Makbool Javaid, Partner - Simons Muirhead & Burton
Working Time Directive

In Collins v Steris IMS Ltd Ross Collins was a  medical firm manager who was sacked after he told bosses he had to go home sick – but was photographed at the airport hours later with a burger and pint, a tribunal heard. Mr Collins had booked time off work for a trip to Cyprus from the following day when his flight was actually booked due to take off 24 hours earlier.

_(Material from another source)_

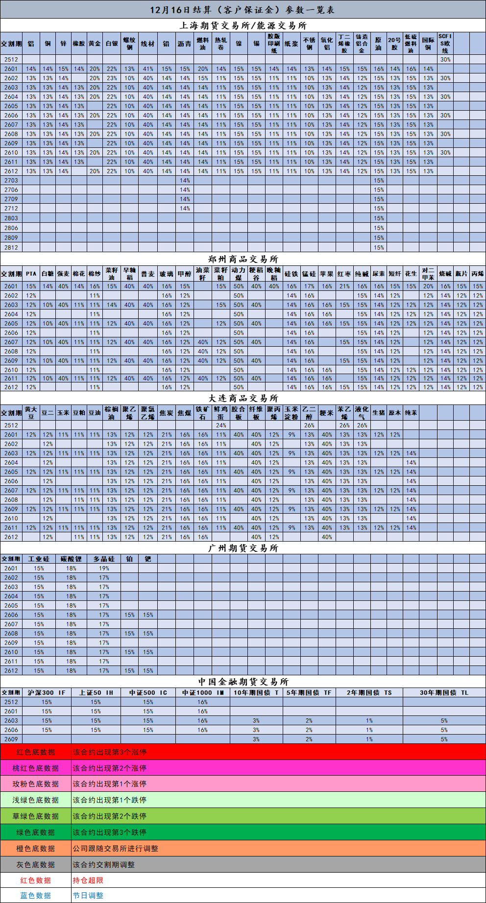 12月16日结算(客户保证金)参数一览表

In order to catch his plane, he told his employers he had an ‘upset stomach’ and wanted to check on his partner who was ‘nearly 12 weeks pregnant’. But he was caught out when colleagues saw a photo on social media of him enjoying a meal and a drink at Gatwick Airport just three and a half hours after leaving work. Other posts made clear the pair were ‘on their way to Larnaca, Cyprus’.

Upon returning to work he was subject to a disciplinary investigation and later dismissed.

He appealed his dismissal and eventually launched complaints of unfair dismissal against his employer – arguing he had overtime and ‘wanted to take this time back’. He was sacked for gross misconduct and later sued for unfair dismissal, but his claims were rejected by an employment tribunal.

He admitted he should have informed his bosses his flight was that day and not the day after but argued he had never questioned colleagues who ‘left work to watch a football game’.

Concluding, Employment Judge Stephen Bedeau said: “[The tribunal is] satisfied that the reason why (Mr Collins) was dismissed was that he had lied to [his employers] as to the reason for him leaving.”